▸ Assignment:
Beneath this line are entries. Copy the range from the line with "Ich beginne mal" to the line with "甲丸ケース 革紐チェーン [NW-379CM]", ends included, exactly; leave pictures out.

▸ Supplied information:
------------

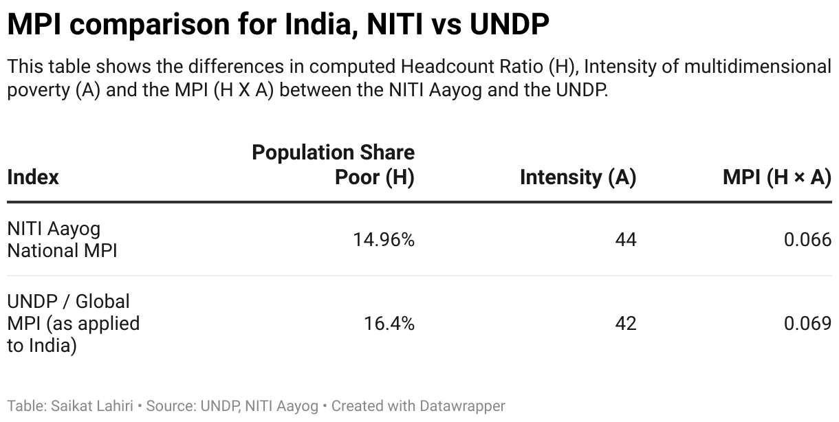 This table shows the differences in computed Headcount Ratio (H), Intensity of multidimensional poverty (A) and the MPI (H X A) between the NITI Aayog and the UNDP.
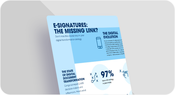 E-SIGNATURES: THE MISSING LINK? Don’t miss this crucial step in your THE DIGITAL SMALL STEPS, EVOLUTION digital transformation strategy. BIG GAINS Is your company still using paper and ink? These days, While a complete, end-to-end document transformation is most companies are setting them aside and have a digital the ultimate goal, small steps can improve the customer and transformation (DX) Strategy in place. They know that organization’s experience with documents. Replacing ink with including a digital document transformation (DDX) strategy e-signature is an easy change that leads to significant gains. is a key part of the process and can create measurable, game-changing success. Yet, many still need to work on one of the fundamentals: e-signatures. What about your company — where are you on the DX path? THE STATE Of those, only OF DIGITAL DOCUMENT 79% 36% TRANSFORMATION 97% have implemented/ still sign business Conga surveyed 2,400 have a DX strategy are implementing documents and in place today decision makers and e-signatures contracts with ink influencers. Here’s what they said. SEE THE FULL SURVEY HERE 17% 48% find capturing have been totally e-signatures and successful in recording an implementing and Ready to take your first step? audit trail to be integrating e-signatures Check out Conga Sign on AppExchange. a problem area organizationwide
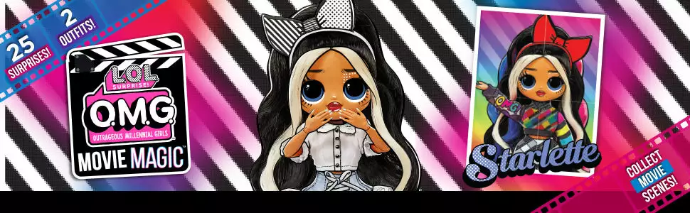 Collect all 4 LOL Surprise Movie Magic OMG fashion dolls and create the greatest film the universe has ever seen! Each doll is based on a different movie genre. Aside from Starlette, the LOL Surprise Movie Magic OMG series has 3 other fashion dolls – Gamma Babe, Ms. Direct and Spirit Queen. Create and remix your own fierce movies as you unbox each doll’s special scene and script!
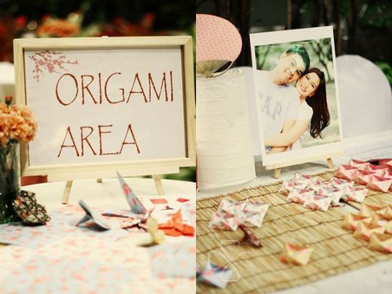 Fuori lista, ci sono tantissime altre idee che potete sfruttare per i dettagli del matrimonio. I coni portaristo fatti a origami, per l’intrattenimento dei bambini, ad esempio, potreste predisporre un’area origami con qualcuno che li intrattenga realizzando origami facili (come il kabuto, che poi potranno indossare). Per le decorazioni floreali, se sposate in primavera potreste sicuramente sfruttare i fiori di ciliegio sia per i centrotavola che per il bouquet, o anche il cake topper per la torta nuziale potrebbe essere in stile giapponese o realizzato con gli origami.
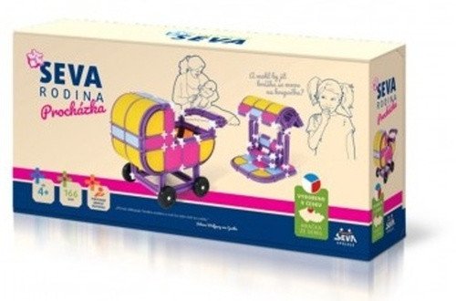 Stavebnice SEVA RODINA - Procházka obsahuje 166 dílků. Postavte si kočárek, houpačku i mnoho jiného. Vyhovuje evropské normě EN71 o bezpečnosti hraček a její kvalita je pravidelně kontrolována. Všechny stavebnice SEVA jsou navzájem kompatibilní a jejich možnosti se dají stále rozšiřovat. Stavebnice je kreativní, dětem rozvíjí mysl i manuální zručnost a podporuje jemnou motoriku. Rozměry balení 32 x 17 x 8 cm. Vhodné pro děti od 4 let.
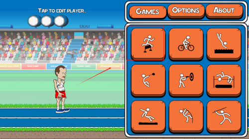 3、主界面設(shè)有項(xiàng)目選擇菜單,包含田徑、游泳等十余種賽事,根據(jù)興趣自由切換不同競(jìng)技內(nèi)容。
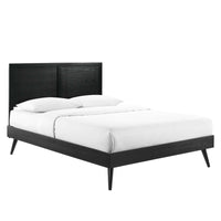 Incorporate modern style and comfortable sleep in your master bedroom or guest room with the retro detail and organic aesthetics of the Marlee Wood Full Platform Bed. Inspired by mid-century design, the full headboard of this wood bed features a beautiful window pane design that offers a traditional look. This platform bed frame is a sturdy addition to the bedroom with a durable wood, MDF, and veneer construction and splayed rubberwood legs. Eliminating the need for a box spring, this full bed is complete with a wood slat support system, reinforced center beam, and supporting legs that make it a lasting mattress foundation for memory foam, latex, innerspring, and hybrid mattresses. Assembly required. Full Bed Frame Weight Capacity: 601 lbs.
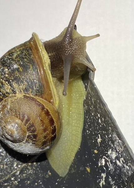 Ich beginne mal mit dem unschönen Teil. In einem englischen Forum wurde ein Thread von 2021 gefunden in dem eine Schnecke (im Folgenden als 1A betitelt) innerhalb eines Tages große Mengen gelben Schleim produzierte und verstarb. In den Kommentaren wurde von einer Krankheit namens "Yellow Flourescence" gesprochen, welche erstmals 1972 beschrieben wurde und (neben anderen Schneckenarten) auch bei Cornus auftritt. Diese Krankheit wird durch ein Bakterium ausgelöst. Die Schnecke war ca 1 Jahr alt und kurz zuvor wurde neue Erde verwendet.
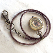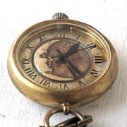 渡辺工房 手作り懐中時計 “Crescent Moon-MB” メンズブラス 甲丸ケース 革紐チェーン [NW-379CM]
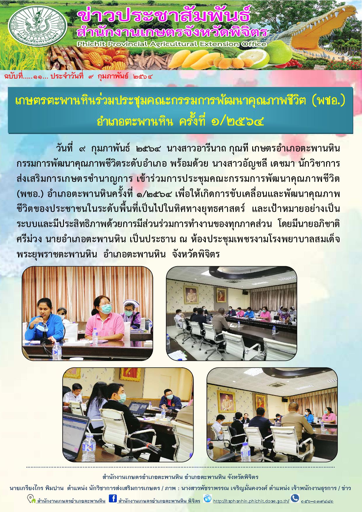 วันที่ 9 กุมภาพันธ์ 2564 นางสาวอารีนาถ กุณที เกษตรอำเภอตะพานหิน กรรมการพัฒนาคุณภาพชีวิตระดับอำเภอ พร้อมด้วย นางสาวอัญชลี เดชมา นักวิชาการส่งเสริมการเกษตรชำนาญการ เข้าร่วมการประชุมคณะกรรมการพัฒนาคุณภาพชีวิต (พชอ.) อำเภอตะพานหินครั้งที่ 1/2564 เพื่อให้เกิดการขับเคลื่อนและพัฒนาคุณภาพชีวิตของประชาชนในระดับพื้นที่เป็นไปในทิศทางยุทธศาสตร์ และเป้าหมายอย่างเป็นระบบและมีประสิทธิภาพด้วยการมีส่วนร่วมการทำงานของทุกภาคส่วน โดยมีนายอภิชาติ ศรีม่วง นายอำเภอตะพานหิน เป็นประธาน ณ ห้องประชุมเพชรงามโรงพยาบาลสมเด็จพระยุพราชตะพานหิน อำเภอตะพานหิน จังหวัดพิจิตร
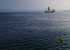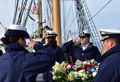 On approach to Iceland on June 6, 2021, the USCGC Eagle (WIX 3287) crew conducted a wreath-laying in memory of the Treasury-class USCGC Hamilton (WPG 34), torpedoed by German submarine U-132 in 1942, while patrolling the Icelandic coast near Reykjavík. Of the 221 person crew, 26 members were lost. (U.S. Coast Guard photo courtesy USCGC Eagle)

------------

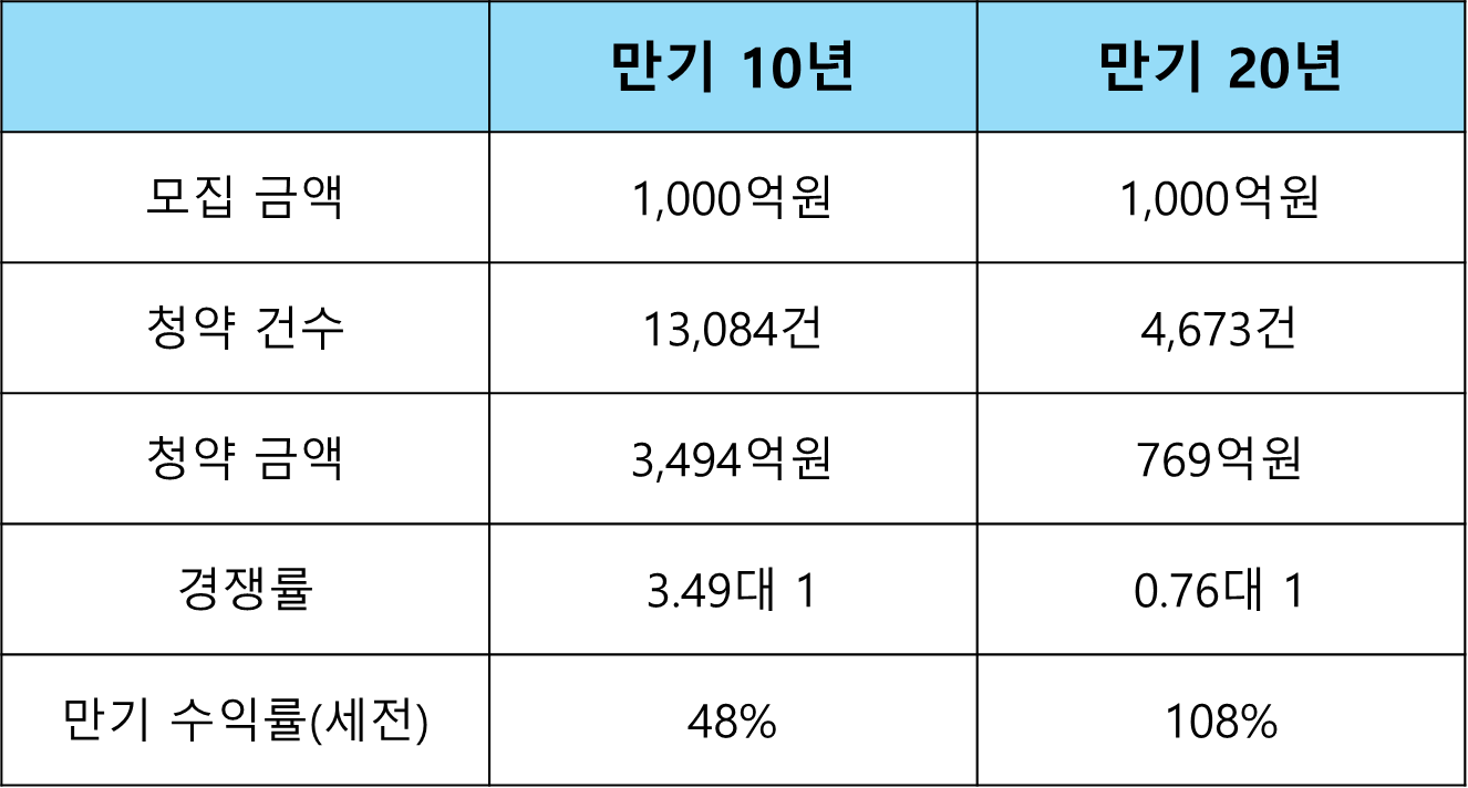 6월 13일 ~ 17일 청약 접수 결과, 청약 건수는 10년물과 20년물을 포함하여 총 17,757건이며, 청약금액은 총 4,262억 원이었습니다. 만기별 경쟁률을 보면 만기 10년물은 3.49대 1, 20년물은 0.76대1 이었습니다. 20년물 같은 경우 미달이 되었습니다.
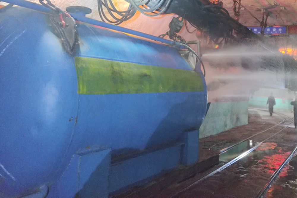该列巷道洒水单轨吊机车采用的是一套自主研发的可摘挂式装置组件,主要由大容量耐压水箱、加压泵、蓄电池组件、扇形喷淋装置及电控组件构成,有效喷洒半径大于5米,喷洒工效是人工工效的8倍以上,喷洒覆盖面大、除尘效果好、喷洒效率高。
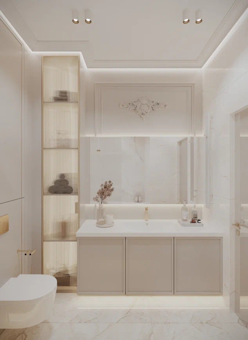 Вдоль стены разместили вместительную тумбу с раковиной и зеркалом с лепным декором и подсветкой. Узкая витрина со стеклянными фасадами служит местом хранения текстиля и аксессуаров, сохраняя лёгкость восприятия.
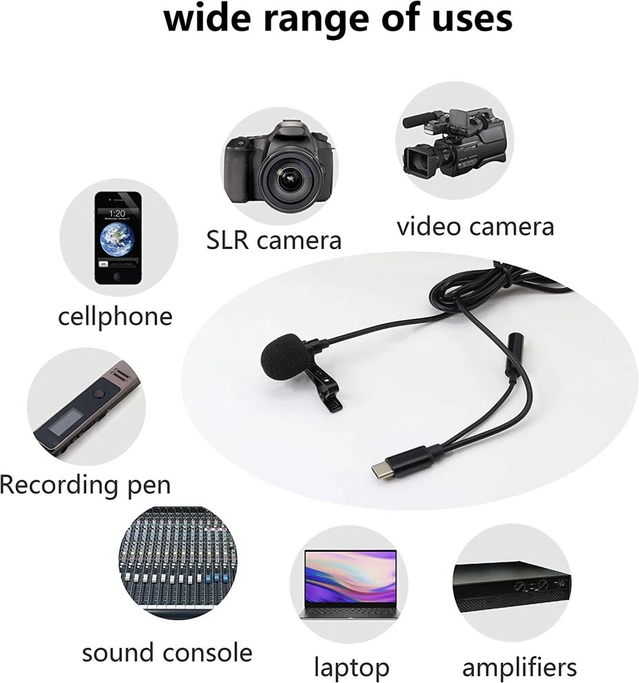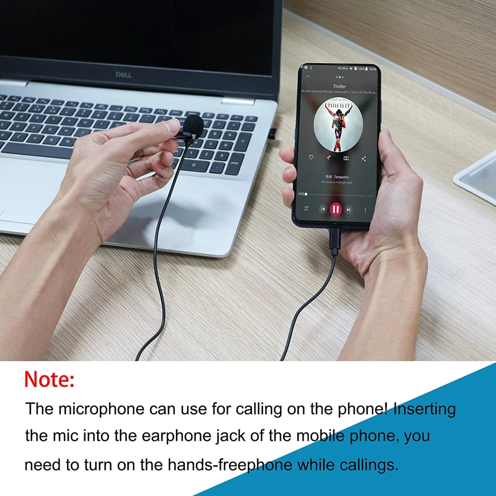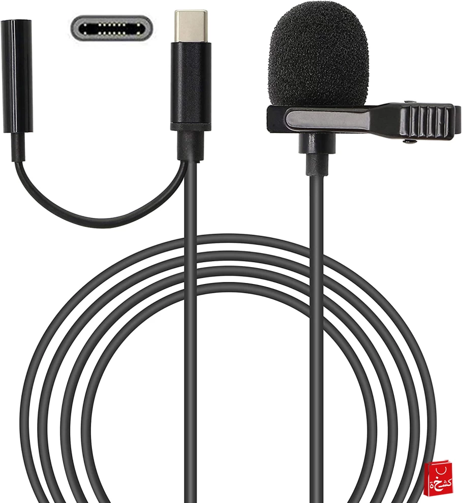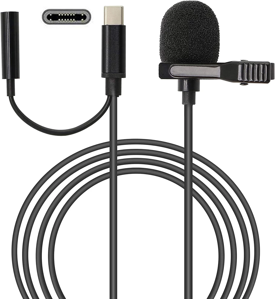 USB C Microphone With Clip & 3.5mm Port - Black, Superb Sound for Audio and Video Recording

------------

▸ Task answer:
 Ich beginne mal mit dem unschönen Teil. In einem englischen Forum wurde ein Thread von 2021 gefunden in dem eine Schnecke (im Folgenden als 1A betitelt) innerhalb eines Tages große Mengen gelben Schleim produzierte und verstarb. In den Kommentaren wurde von einer Krankheit namens "Yellow Flourescence" gesprochen, welche erstmals 1972 beschrieben wurde und (neben anderen Schneckenarten) auch bei Cornus auftritt. Diese Krankheit wird durch ein Bakterium ausgelöst. Die Schnecke war ca 1 Jahr alt und kurz zuvor wurde neue Erde verwendet.
 渡辺工房 手作り懐中時計 “Crescent Moon-MB” メンズブラス 甲丸ケース 革紐チェーン [NW-379CM]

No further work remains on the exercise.